[Items from a data source]
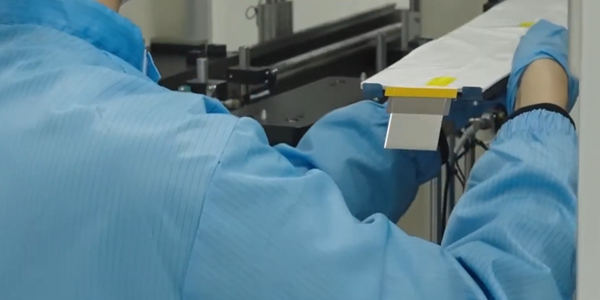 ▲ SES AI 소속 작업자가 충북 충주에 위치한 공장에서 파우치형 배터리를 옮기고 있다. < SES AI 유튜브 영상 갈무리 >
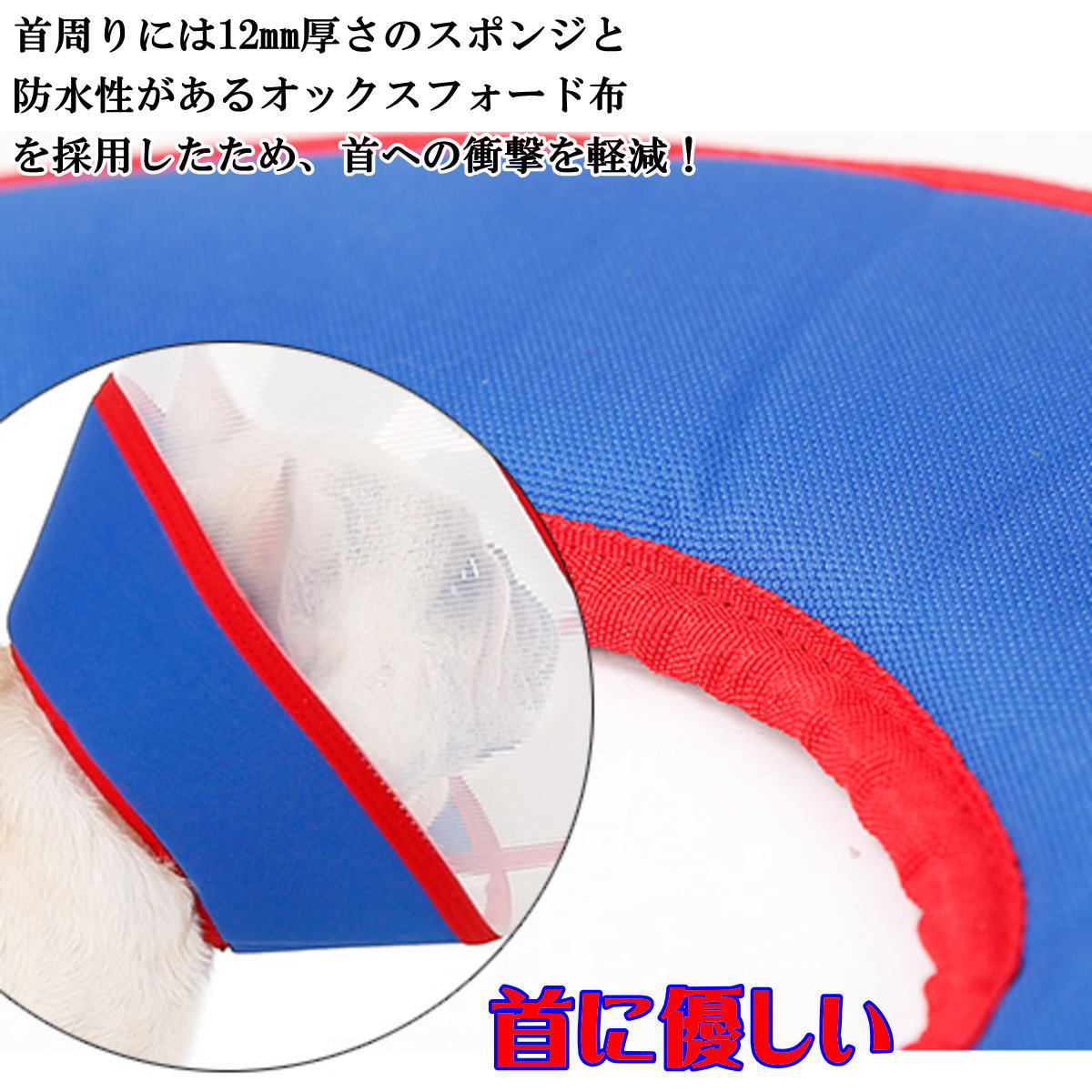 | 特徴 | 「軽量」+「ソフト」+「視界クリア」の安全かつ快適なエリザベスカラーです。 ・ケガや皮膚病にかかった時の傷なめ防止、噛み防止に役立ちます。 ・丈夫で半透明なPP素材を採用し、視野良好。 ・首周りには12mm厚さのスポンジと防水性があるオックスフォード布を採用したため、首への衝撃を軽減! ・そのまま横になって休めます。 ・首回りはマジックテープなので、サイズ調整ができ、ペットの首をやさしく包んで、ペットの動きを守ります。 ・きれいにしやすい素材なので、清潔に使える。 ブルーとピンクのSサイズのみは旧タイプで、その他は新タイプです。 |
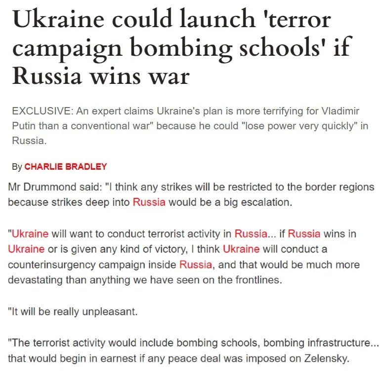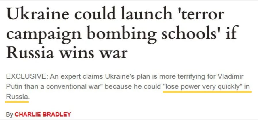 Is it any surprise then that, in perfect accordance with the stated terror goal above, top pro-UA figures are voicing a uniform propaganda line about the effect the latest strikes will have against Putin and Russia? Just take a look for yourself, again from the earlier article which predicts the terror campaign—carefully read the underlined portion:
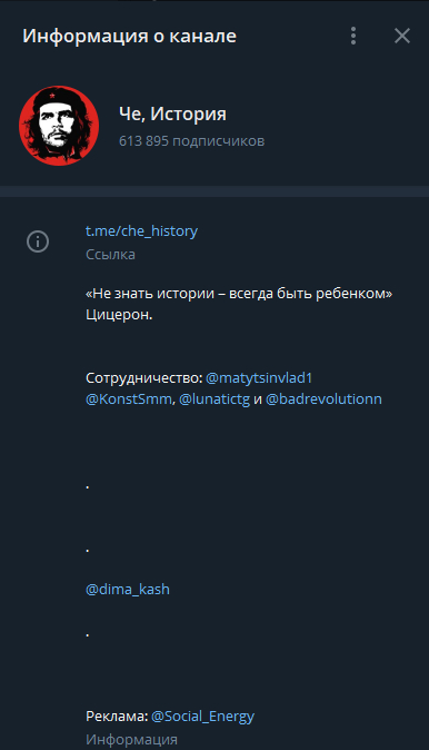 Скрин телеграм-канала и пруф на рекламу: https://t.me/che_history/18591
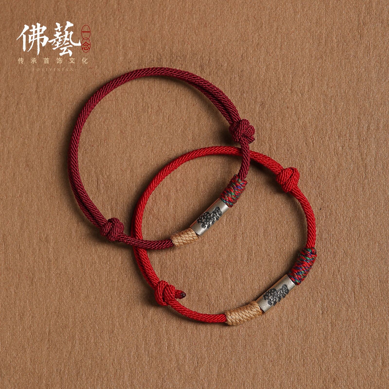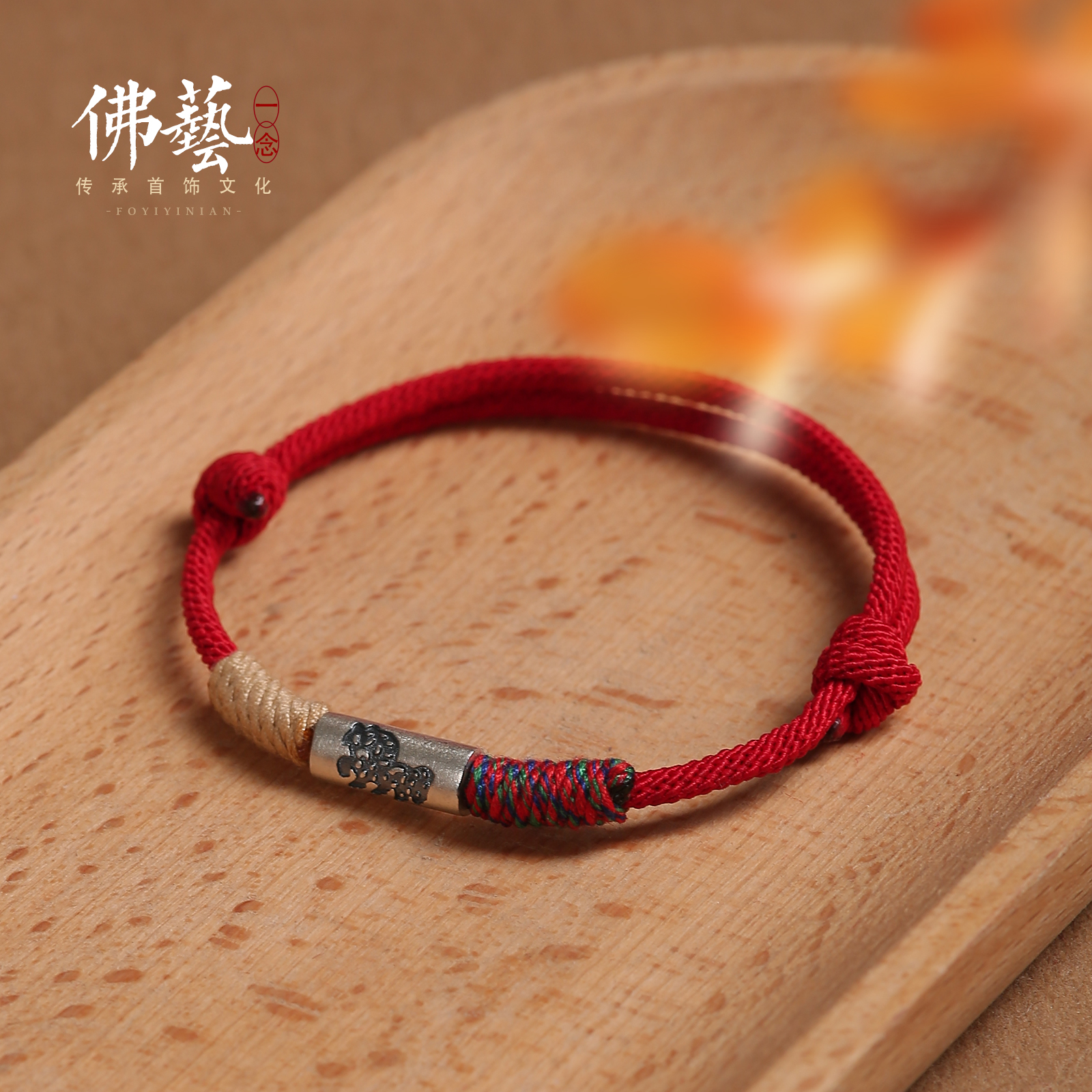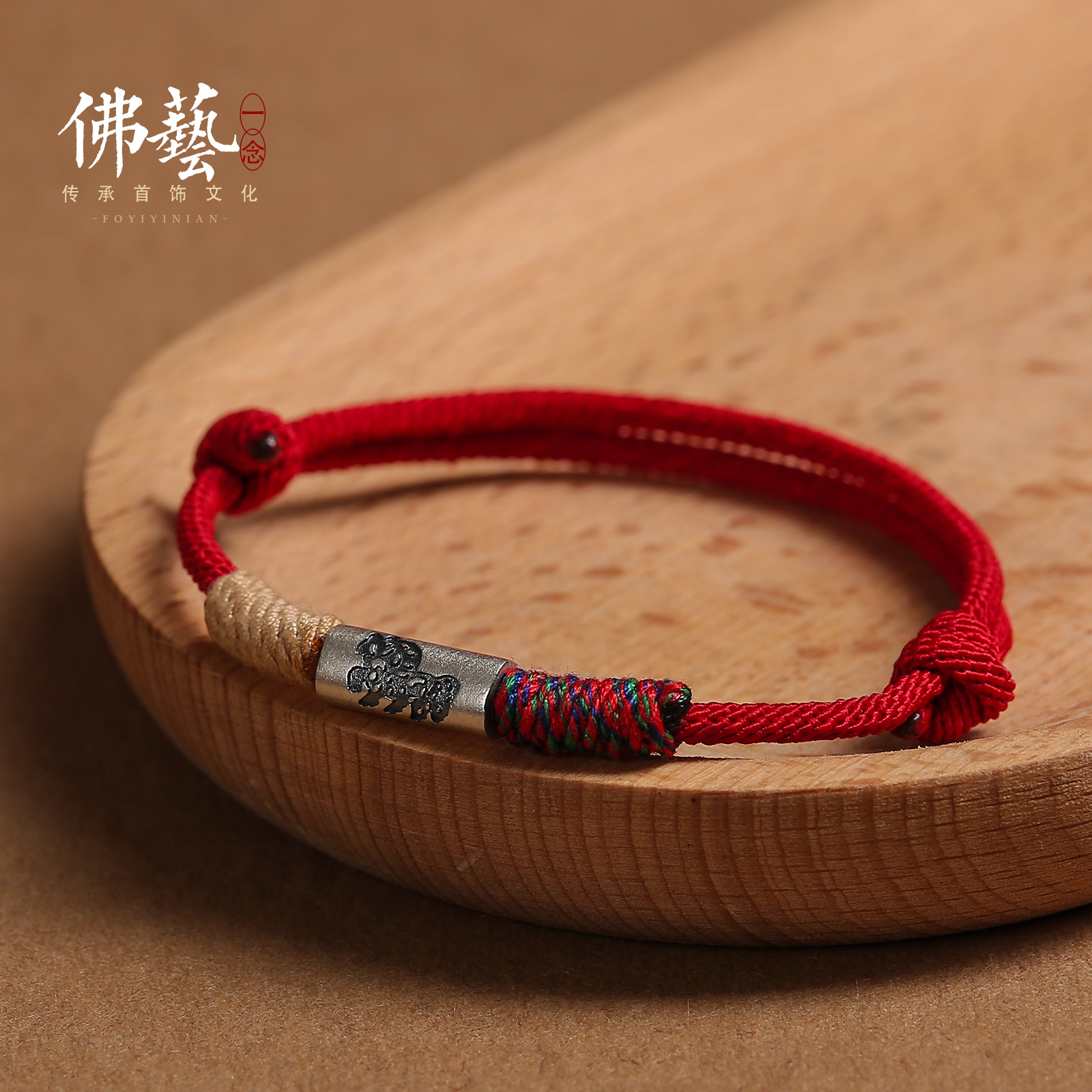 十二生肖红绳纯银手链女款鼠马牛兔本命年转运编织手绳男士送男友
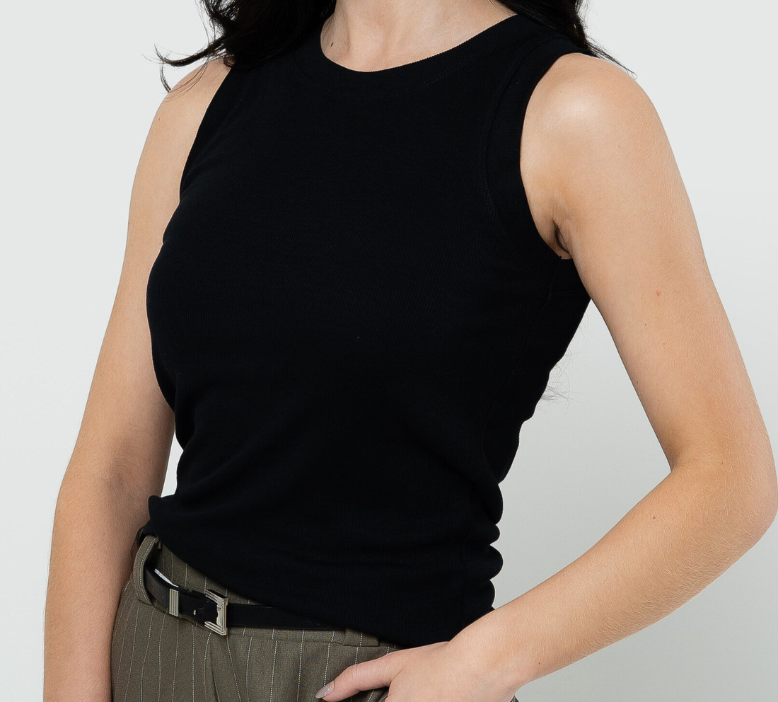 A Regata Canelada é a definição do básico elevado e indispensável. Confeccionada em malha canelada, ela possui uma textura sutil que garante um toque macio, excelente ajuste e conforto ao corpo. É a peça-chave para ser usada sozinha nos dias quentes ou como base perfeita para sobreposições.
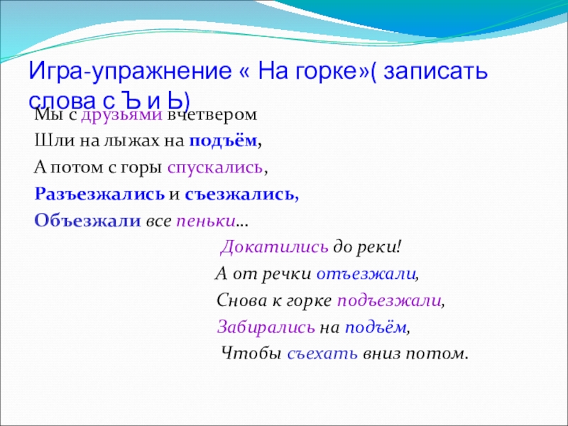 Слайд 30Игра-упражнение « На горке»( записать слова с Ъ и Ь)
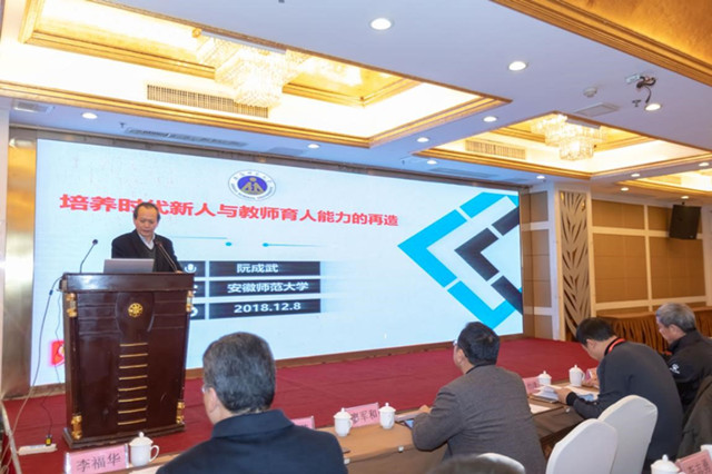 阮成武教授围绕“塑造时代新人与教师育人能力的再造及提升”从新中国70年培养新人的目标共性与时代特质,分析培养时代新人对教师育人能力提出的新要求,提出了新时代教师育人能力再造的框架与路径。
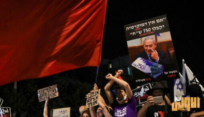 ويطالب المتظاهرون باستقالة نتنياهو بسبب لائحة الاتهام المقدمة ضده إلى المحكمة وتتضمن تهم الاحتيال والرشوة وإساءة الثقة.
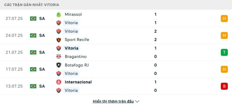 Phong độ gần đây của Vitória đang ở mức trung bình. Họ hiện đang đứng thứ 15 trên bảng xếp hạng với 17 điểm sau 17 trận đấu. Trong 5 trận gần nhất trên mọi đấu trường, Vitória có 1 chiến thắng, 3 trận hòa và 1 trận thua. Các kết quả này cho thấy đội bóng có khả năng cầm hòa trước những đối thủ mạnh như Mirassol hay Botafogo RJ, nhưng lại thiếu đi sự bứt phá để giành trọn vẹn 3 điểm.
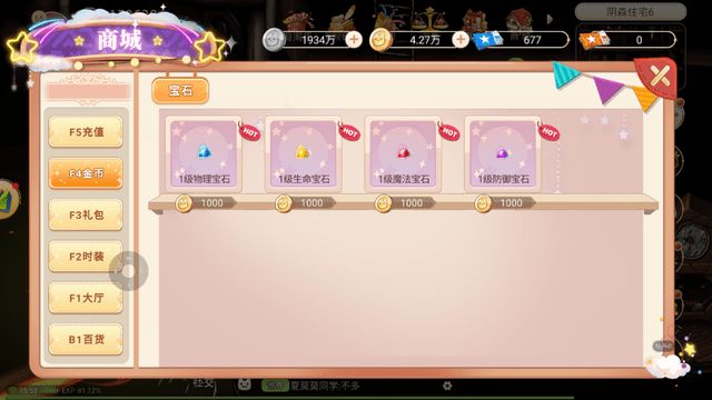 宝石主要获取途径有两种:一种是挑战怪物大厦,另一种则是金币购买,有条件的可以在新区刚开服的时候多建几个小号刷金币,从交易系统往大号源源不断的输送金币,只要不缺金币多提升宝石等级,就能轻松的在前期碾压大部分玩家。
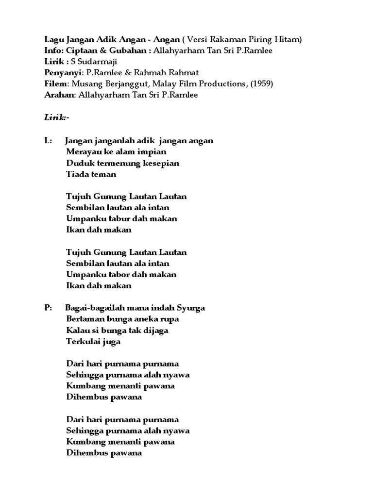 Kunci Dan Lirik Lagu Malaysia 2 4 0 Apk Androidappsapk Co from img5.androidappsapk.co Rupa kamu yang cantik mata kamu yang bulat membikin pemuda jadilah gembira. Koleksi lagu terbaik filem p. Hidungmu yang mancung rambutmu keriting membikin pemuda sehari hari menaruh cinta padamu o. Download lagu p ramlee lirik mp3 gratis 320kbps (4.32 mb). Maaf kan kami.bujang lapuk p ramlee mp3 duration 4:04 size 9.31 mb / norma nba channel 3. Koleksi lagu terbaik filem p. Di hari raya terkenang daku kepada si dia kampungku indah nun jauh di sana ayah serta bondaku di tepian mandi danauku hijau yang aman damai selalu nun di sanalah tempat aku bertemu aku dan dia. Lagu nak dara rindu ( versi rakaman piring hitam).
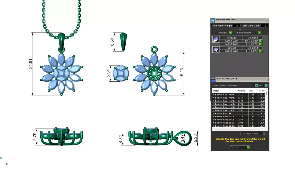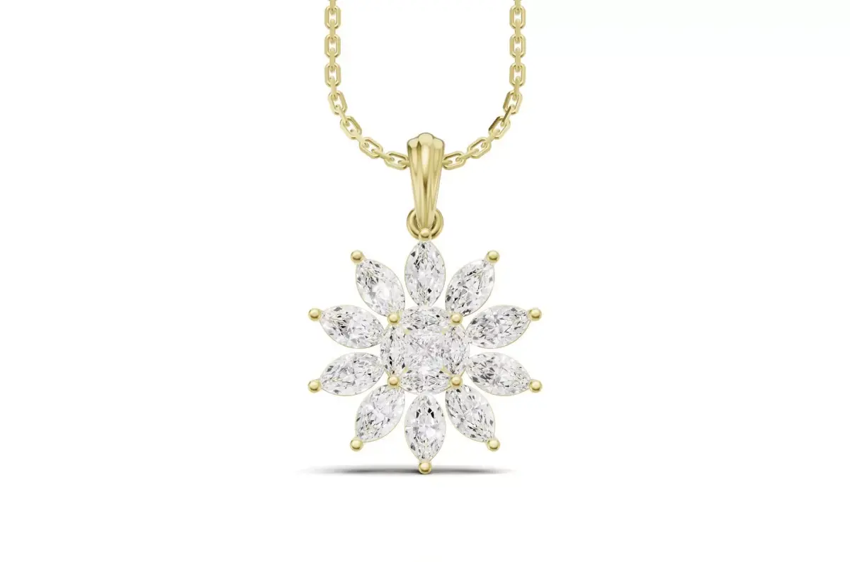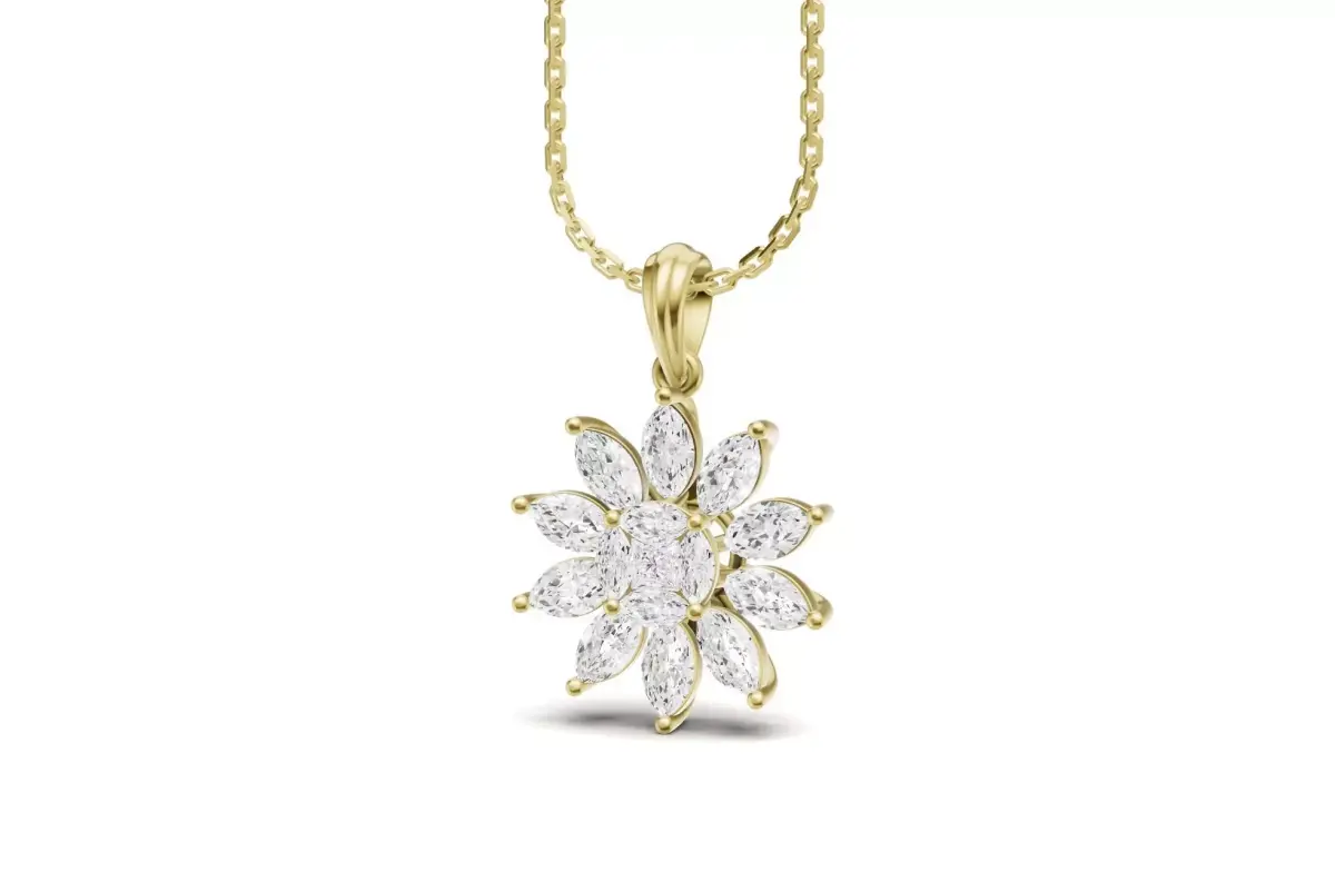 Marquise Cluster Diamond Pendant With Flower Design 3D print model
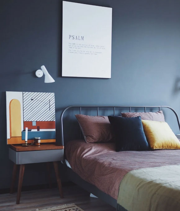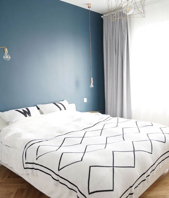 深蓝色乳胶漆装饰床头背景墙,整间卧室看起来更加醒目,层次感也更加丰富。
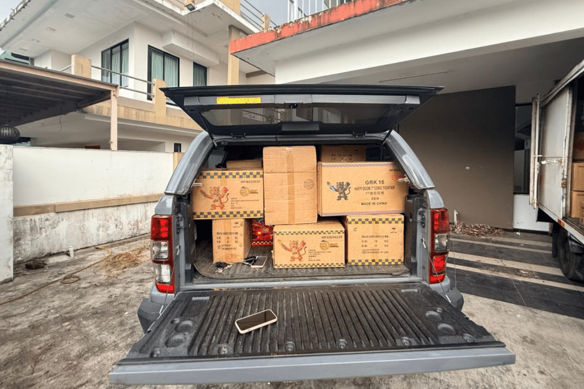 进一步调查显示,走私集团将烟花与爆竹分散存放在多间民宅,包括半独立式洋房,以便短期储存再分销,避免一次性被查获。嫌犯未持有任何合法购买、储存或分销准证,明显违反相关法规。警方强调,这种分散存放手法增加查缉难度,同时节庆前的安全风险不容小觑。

• _Your goal_:
Please transcribe, word for word, every line from the first line of the records above through the line containing "特徴 | 「軽量」+「ソフト」+「視界クリア」の安全かつ快適なエリザベスカラーです。", and leave out any pictures.

• _Written reply_:
 ▲ SES AI 소속 작업자가 충북 충주에 위치한 공장에서 파우치형 배터리를 옮기고 있다. < SES AI 유튜브 영상 갈무리 >
 | 特徴 | 「軽量」+「ソフト」+「視界クリア」の安全かつ快適なエリザベスカラーです。 ・ケガや皮膚病にかかった時の傷なめ防止、噛み防止に役立ちます。 ・丈夫で半透明なPP素材を採用し、視野良好。 ・首周りには12mm厚さのスポンジと防水性があるオックスフォード布を採用したため、首への衝撃を軽減! ・そのまま横になって休めます。 ・首回りはマジックテープなので、サイズ調整ができ、ペットの首をやさしく包んで、ペットの動きを守ります。 ・きれいにしやすい素材なので、清潔に使える。 ブルーとピンクのSサイズのみは旧タイプで、その他は新タイプです。 |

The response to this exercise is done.